Minimum Time to Finish the Race

A contestant starts at \((1,1)\) in the first quadrant of the coordinate plane and must reach \((n,n)\). The contestant may move one unit at a time in one of the four cardinal directions: up, down, left, or right; however, at all times the contestant must remain in the region where \(x>0, y>0\).

Initially every point is of type \(A\) and takes \(1\) second to traverse. Then the organizers choose a triple \((a,b,c)\) and change the type of each point \((x,y)\) satisfying \[ a \le x \le b \quad \text{and} \quad y \le c \] to type \(B\) (each such point takes \(2\) seconds to traverse).
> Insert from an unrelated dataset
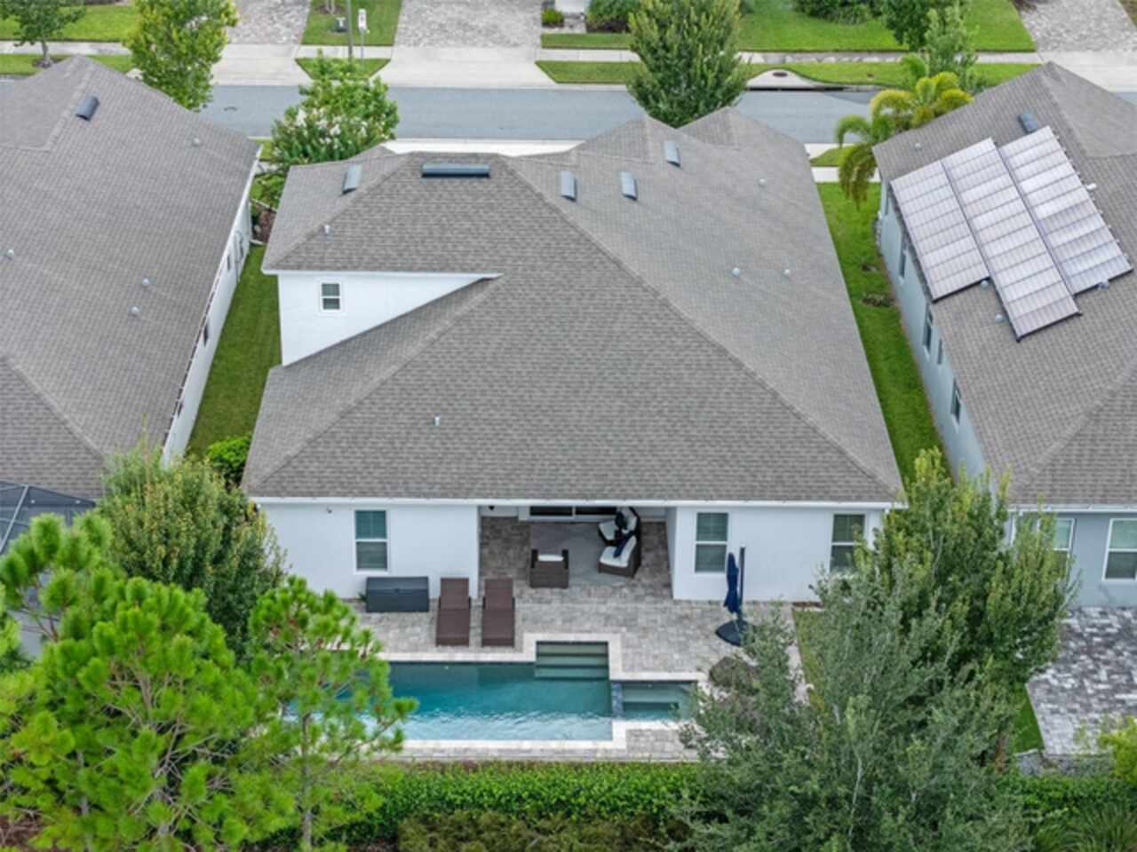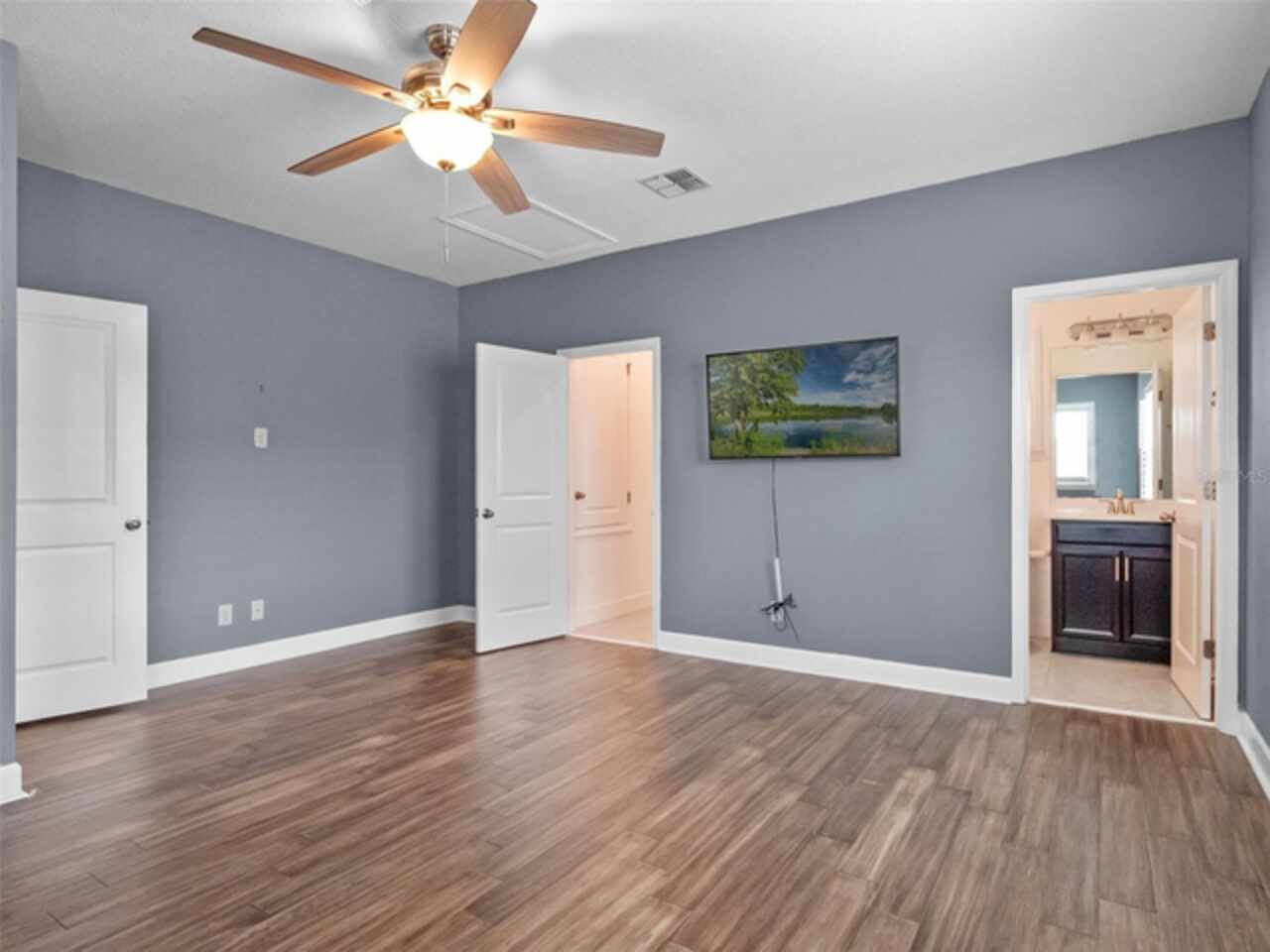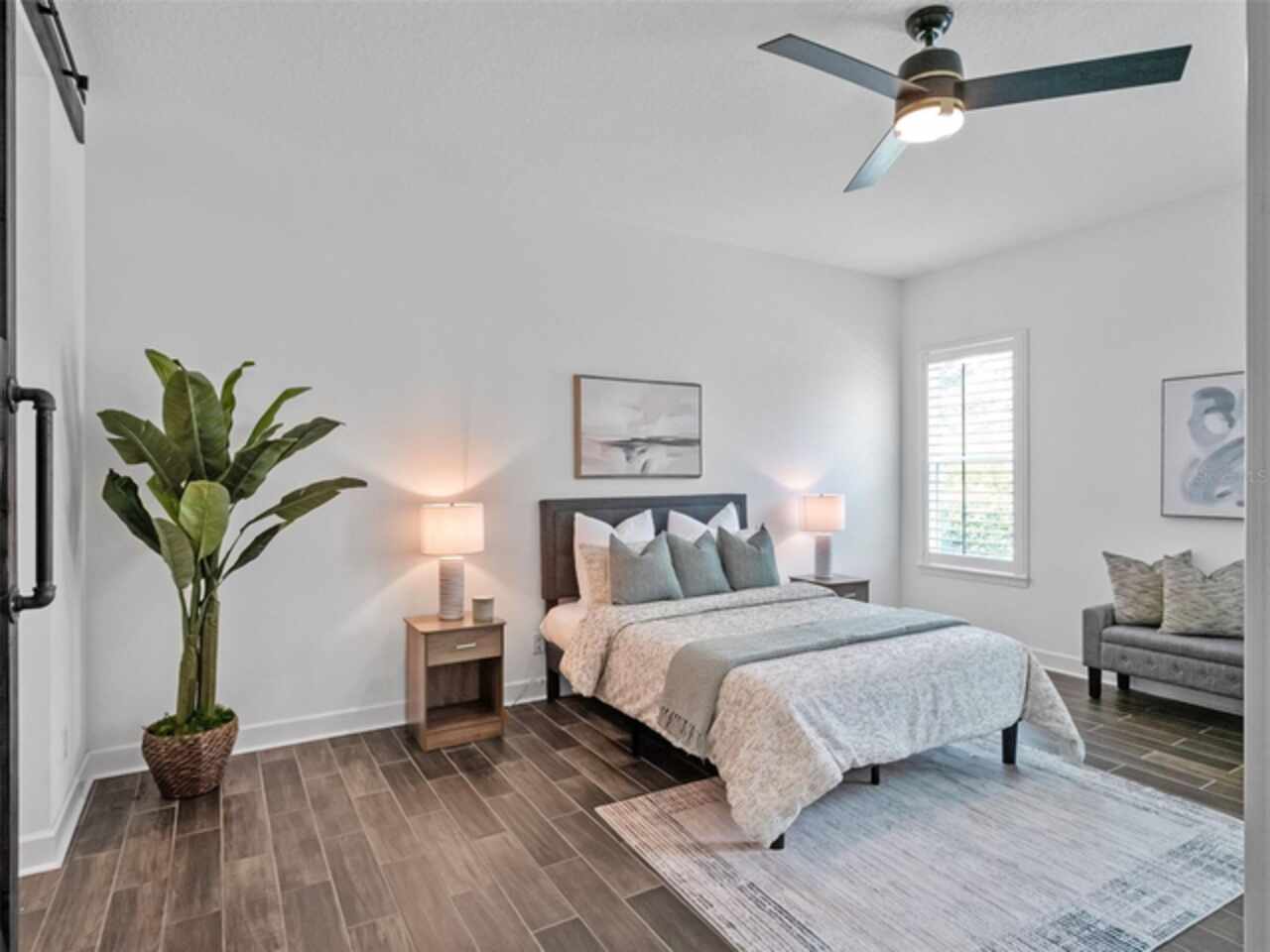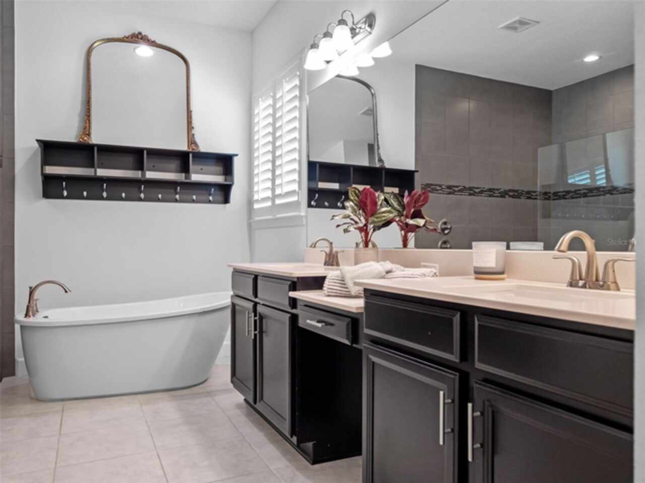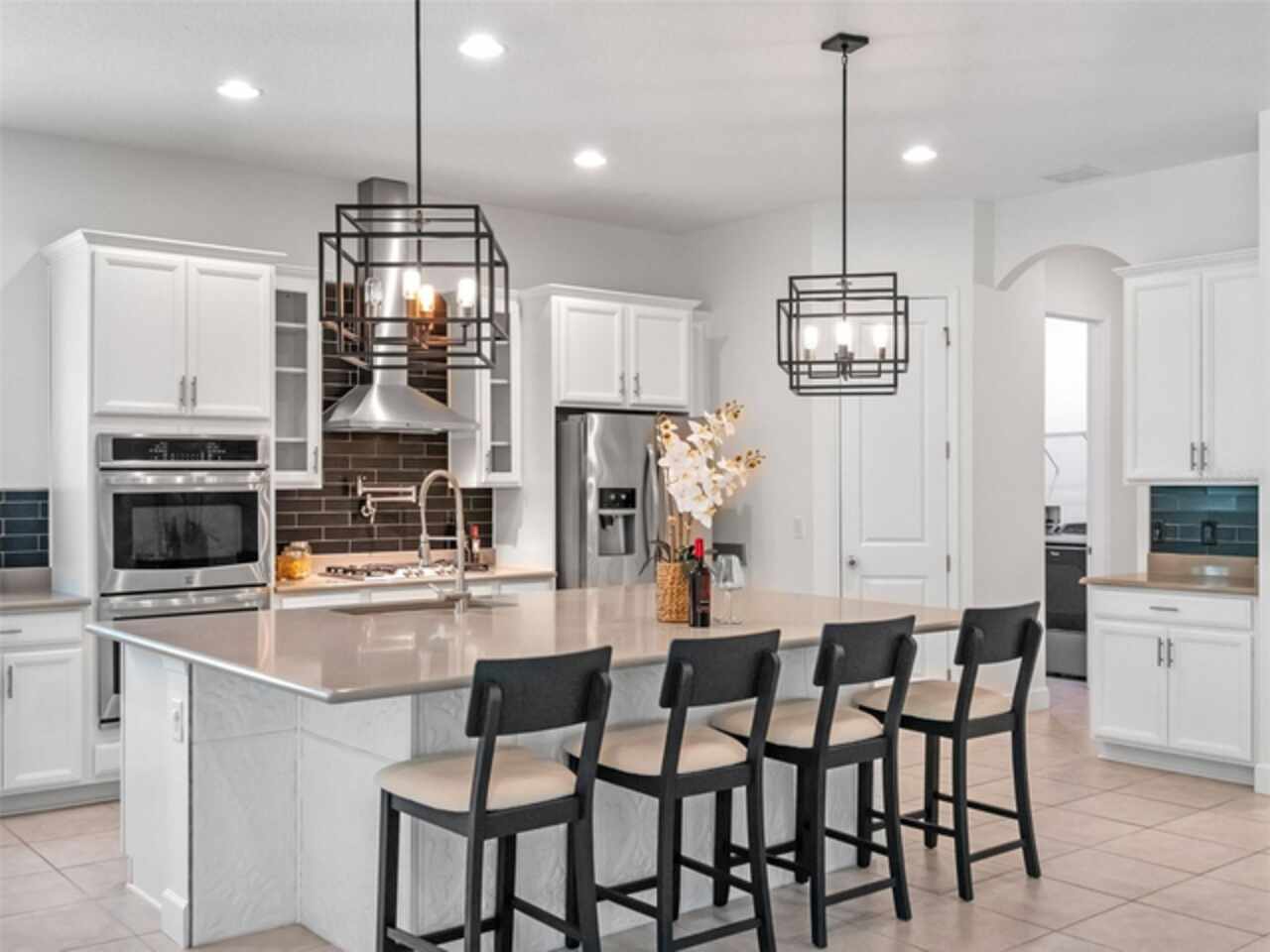 Under contract-accepting backup offers. Welcome to this 3, 097 square foot pool home in Sanctuary at Hamlin, located in the heart of Horizon West and just minutes from Hamlin Town Center. As you enter, two bedrooms share a full bathroom off the foyer, both featuring premium carpet and custom closets. The home then opens into a spacious dining and family room combination with 10-foot ceilings, wood-look tile flooring, and an accent wall. The gourmet kitchen overlooks the main living area and includes Kenmore stainless steel appliances, with double ovens, refrigerator, and natural gas cooktop with hood and pot filler. The kitchen also offers extensive 42-inch cabinetry, a stylish backsplash, ample counter space, a large walk-in pantry, and an oversized quartz island with seating and pendant lighting. The primary suite, accessed through double doors, is generously sized with views of the backyard. A custom barn door leads to the en suite bath, which includes dual vanities with a central makeup station, garden tub, walk-in shower, and two closets. The primary suite features custom closets as well. The first floor includes a third bedroom with pool views and a nearby full bath. Upstairs, you’ll find a private bedroom with en suite bath and a walk-in closet. Step outside through the sliding door to an open-air patio overlooking the saltwater pool and spa, surrounded by paver decking. The open design offers a clean, unobstructed view of the Florida sky, with no rear neighbors for added privacy. A gas hookup is in place for a future summer kitchen. Additional features include plantation shutters throughout, a downstairs laundry room, and a 3-car garage pre-wired for an electric vehicle charger. This home is conveniently close to Cinepolis, PopStroke, Orange County National Golf Center, restaurants, grocery stores, Orlando Health Horizon West Hospital, and Disney World, with easy access to SR-429 for commuting. Schedule your private showing today.

Note that both the starting point and the finishing point are included in the calculation.

The contestant, Kid, wants to know the minimum time (in seconds) required to go from \((1,1)\) to \((n,n)\).

Important: The data constraints are crucial in designing an efficient solution.

inputFormat

The input consists of a single line with four integers:

• \(n\) --- the coordinates of the destination point \((n,n)\),
• \(a\), \(b\), \(c\) --- the parameters defining the B-type region.

You may assume that \(1 \le n \le 1000\) and that \(1 \le a \le b \le n\) and \(1 \le c \le n\).

outputFormat

Output the minimum number of seconds required to reach \((n,n)\) from \((1,1)\) following the optimal route.

sample

5 1 100 1

10